Luck of the Dragon: Dealing a Cold Deck
© 2009 by Walter Reimer

Chapter One-hundred-forty-four

        Hao leaned over the rail as a Samoan bull weighing an easy three hundred pounds opened up the cockpit door of the Fokker, the shift in weight causing the right-paw float to dip dangerously low in the water.  “Julius!  What the hell are you doing here?”
        Julius Malanakanakahea laughed, the booming sound echoing across the cove.  “Looking for you, you little thief,” he yelled.  He made a show of sniffing the air before adding, “A few friends of mine are missing a ship.”
        “Oh?”
        “Yeah.  Funny thing – this tub smells Japanese.”
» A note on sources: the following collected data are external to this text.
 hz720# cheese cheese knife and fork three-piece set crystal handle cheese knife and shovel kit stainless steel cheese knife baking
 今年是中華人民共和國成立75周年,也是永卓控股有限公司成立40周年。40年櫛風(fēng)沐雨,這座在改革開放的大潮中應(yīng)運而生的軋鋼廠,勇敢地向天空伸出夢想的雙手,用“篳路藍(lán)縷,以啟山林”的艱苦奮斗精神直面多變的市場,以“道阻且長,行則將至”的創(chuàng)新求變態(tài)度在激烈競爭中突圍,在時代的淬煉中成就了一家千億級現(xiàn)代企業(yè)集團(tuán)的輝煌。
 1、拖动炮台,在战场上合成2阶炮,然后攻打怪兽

        Hao folded his arms on the railing, his banded tail waving back and forth.  “The funnel paint says Rain Island.”
        “Yeah, funny that.  The kingposts say it’s a Jap tub, too.  My friends might be interested.”
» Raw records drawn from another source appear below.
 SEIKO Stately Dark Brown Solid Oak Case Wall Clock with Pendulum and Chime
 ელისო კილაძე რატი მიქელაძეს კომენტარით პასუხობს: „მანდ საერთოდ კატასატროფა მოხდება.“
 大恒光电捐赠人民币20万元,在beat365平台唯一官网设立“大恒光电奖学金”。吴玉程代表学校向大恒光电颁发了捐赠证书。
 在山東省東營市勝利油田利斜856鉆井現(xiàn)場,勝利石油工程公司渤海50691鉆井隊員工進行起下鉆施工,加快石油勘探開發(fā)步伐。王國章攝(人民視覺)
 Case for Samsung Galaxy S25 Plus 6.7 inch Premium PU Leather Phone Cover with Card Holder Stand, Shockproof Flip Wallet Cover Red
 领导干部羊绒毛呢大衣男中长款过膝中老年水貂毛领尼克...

        “You doing business for the yakuza now, Julius?”
        The bull shook his head.  “Not for, with.  Yeah, them – and a few others who don’t want no names mentioned.”
        Hao’s eyebrows rose.  The arms dealer usually didn’t admit who he did business with, and the Japanese gangs were almost as bad as the Tongs.  “So what brings you out here, other than looking for me?  Besides, if I’m a little thief, what does that make you?”
        “A big thief,” the bull conceded, and both laughed.  “You gonna invite me aboard, or do I get a crick in my neck from yelling up at you?”
        “I think we still have some sake aboard.  Moor that crate alongside and come on up.”  He stepped back from the rail and whispered to Clarence, “Keep an eye out, and prepare for trouble.”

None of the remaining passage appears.